• [What you are asked to do] In the records that follow, find the line containing "Die besten Vorleserinnen" and the line containing "Scroll down and", then transcribe both and every line between them exactly, omitting pictures.

Top of Exercise data

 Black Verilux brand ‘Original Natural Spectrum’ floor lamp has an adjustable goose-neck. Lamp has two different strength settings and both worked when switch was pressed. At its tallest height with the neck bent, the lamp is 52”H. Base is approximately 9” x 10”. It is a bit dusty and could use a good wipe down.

Bottom of Exercise data
Top of Exercise data

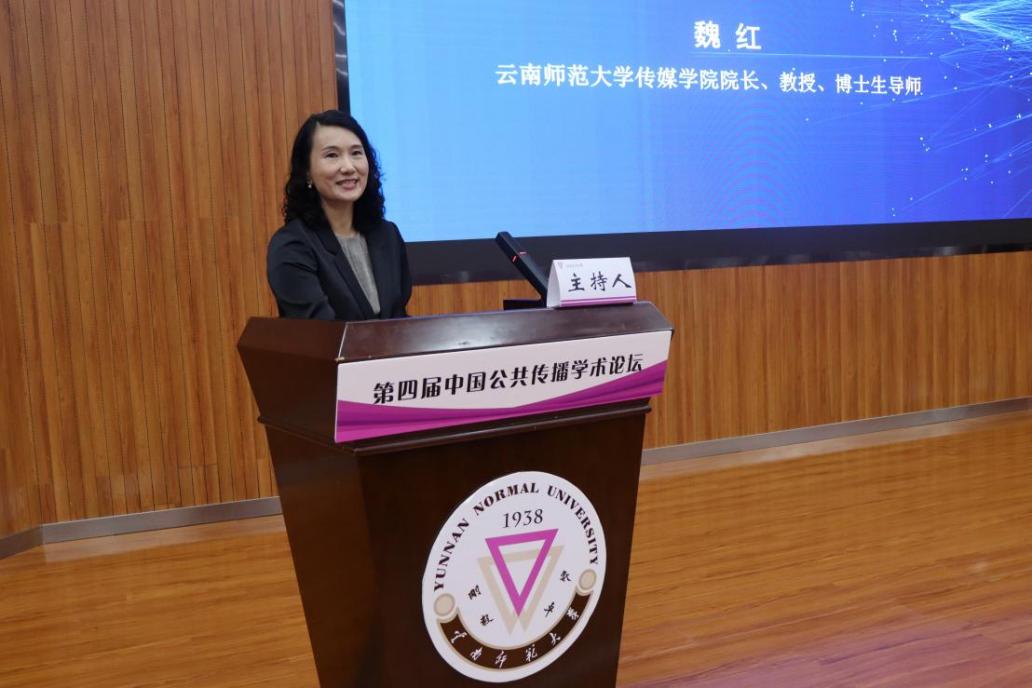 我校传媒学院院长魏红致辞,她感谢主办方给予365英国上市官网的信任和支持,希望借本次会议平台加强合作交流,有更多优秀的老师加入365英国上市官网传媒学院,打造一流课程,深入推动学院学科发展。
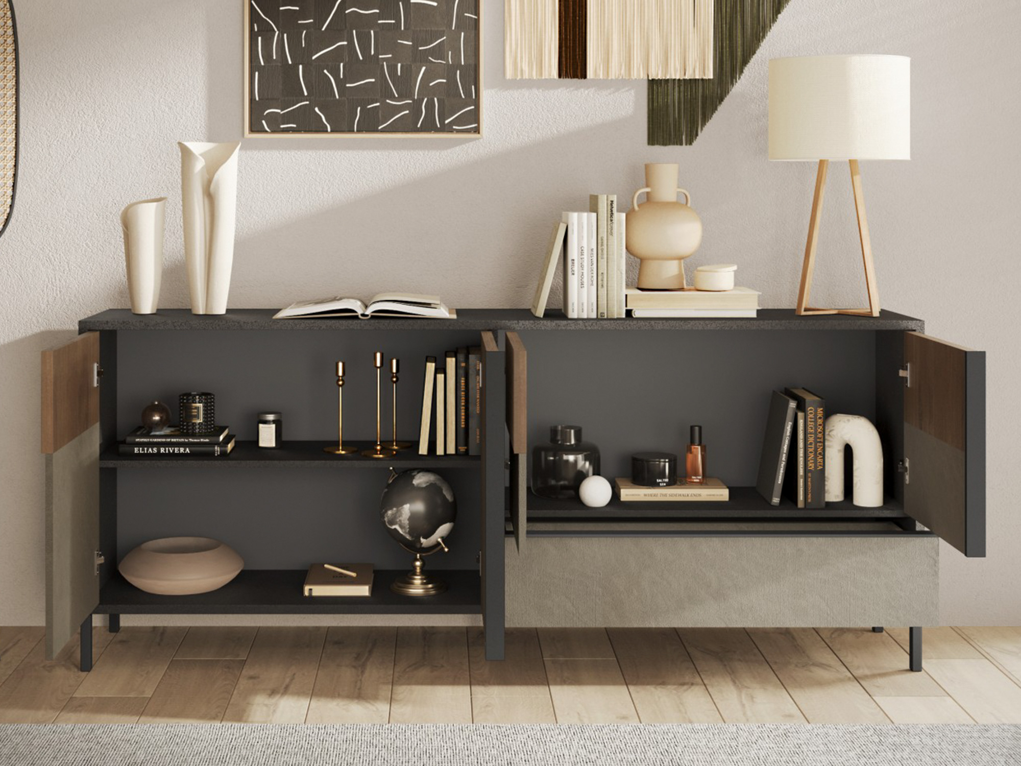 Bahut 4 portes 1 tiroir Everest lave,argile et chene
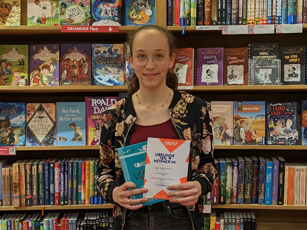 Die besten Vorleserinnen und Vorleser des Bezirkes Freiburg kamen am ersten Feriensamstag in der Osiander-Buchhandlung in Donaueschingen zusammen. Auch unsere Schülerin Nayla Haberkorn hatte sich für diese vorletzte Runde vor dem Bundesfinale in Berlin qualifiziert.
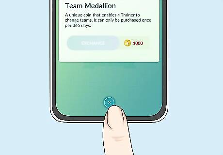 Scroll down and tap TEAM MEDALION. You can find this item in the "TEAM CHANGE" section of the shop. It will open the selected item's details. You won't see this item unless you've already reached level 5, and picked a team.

Bottom of Exercise data

• [Task result]
 Die besten Vorleserinnen und Vorleser des Bezirkes Freiburg kamen am ersten Feriensamstag in der Osiander-Buchhandlung in Donaueschingen zusammen. Auch unsere Schülerin Nayla Haberkorn hatte sich für diese vorletzte Runde vor dem Bundesfinale in Berlin qualifiziert.
 Scroll down and tap TEAM MEDALION. You can find this item in the "TEAM CHANGE" section of the shop. It will open the selected item's details. You won't see this item unless you've already reached level 5, and picked a team.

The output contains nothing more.